How to avoid revocable living trust cons and other tax scams

Dirty Dozen Tax Scams” is an annual list published by the IRS, warning taxpayers that illegal schemes and scams will lead to significant penalties, and even criminal prosecution. Topping this year’s list is identity theft, whereby scammers look for ways to use a legitimate taxpayer’s identity and personal information to file a tax return and claim a fraudulent refund.

Other scams on the list include phishing — fake Web sites or unsolicited e-mails asking gullible taxpayers to provide their Social Security number and their bank information because they have purportedly won such prizes as the Irish Sweepstakes.

Of interest to homeowners on the list is the misuse of trusts. According to the IRS, “for years, unscrupulous promoters have urged taxpayers to transfer assets [including real property] into trusts. While there are legitimate uses in tax and estate planning, some highly questionable transactions promise reduction of income subject to tax . . . and reduced estate or gift taxes. Such trusts rarely deliver the tax benefits promised.”

Just what is a trust? There are a number of them, but the most common is the “deed of trust” — the mortgage document you sign when you get a home loan. There are also “testamentary trusts” which is spelled out in your Last Will and Testament and comes into existence when you die.

Here, however, the IRS is referring to “revocable living trusts.” This is created while you are living and is often referred to as an “inter vivos” trust — which is Latin for “between the living.” We use the word “revocable” because the person who created the trust has the right to change its terms, or even cancel for any reason, during his or her lifetime.

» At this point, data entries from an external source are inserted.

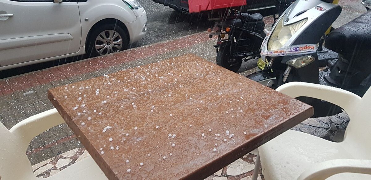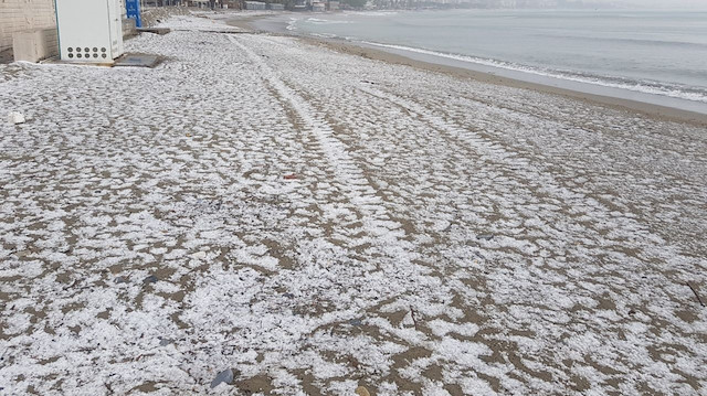 Karla karışık yağan dolu, turistlerin gözdesi Alanya plajını 10 dakika içerisinde beyaz örtüyle kapladı.
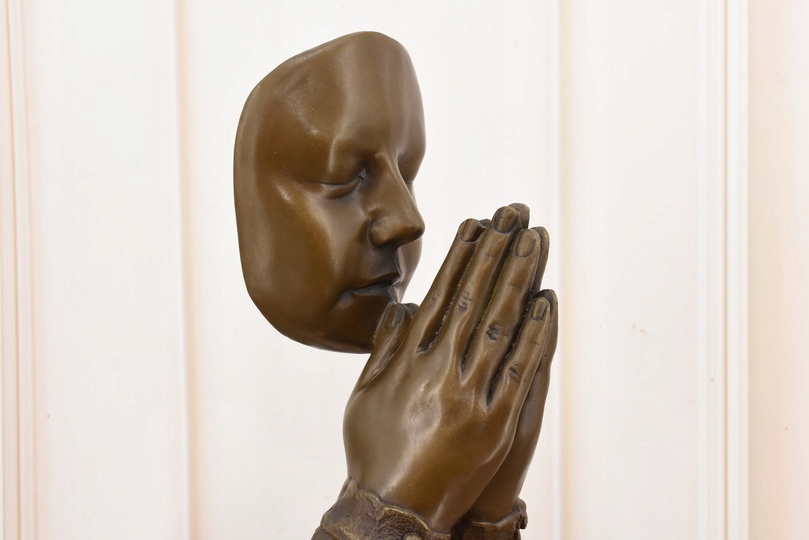 Witam, w dniu dzisiejszym pragnę zaoferować Państwu przepiękną rzeźbę wykonaną z brązu uformowaną na marmurowej podstawie.
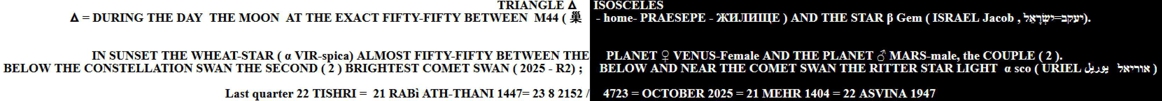 WITHOUT COMETS THE TRIANGLE ISOSCELES WITHOUT COMETS OF VERTEXES M44 ( 巢 - home - ЖИЛИЩЕ ) FIFTY-FIFTY BETWEEN : MARS ♂ and THE STAR β Gem( ISRAEL יעקב=יִשְׂרָאֵל). NUMBERING THE FIRST BRIGHTEST COMETS WITH A NUMERICAL BASE OF Exponentiation 2 THE TRIANGLE ISOSCELES ∇ OF VERTEXES THE MOON NEAR THE WHEAT-STAR ( α VIRGINIS – חיטה ) FIFTY-FIFTY BETWEEN : THE BRIGHTEST COMETS(2X2) OURTH ( THE H2/2010)AND (2X4)EIGHTH (THE G2/2021). THE TRIANGLE ISOSCELES ∇ OF VERTEXES THE (2X1) SECOND BRIGHTEST COMET “SWAN”( YEAR 2025-F2) FIFTY-FIFTY BETWEEN M44 ( 巢 - home - ЖИЛИЩЕ ) ET THE STAR α Gem ( עֵשָׂו ) OTHERS COMETS THE TRIANGLE ISOSCELES ∇ OF VERTEXES THE RITTER-STAR α leo ( רפאל, "Raffael" , رفائيل ),FIFTY-FIFTY BETWEEN THE THIRD-BRIGHTEST COMET (29P)AND MARS ♂. THE TRIANGLE ISOSCELES ∇ OF VERTEXES THE COMET BRIGHTEST ( LINEAR 217 ) FIFTY-FIFTY BETWEEN THE SIXTH BRIGHTEST COMET (J2 /2024)AND VENUS ♀. 10 Dhu I-Hijja 1446 = 11 SIVAN 5785 / 2025 י״א בְּסִיוָן תשפ״ה
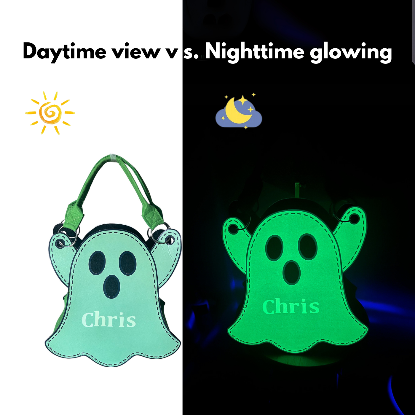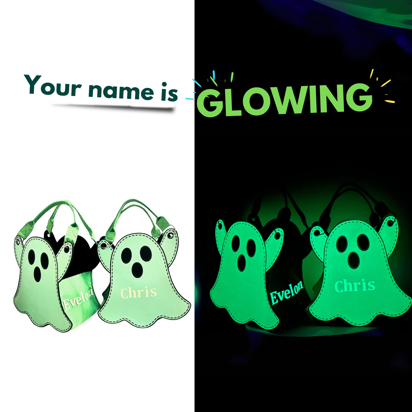 Personalized Glow-in-the-Dark Ghost Halloween Trick-or-Treat Bag for Kids – Custom Name Candy Tote

Living trusts are always “cocktail party” conversation topics. “I set up a trust and put my property in it and now I am set for life,” says one partygoer.

Let’s set the record straight: Contrary to popular belief — and despite what the scammers tell you — living trusts do not save on estate taxes, nor do they save on income taxes. Why? Because for ownership purposes, the trust is the legal property title holder, but for tax purposes, the property remains in the name of the person who set up the trust, called the “grantor.”

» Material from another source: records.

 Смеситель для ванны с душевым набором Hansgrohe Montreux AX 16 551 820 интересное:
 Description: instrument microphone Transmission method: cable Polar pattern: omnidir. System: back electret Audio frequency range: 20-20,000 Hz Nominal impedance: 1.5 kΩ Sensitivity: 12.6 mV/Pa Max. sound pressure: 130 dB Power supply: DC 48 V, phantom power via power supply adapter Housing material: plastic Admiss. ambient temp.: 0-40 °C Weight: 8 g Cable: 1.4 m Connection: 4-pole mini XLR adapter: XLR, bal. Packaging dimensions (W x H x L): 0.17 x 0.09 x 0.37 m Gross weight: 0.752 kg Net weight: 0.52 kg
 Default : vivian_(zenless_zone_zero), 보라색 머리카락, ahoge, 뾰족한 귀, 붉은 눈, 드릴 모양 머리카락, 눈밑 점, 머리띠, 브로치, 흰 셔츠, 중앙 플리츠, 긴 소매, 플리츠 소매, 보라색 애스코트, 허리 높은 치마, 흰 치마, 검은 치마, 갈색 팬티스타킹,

AARP, which has researched the matter, warns that “the greatest growth in sales of living trusts is to people who are least likely to need one. Living trusts are not the solution that salespeople make them out to be.”

How do you protect yourself? AARP says you should learn to spot the scams. Here are some suggestions. If the salesperson tells you that a living trust will preserve your legacy by helping you to avoid probate costs and estate taxes, that’s only partially true. Yes, if your home is in a trust, it will not have to be probated. But, according to AARP, “most people don’t need to worry about probate or estate taxes.” For example, if you and your spouse own property as tenants by the entirety, on the death of one spouse, the property automatically vests in the survivor. And in any event, even when probate becomes necessary, modern probate laws have reduced the pain and the costs of the process.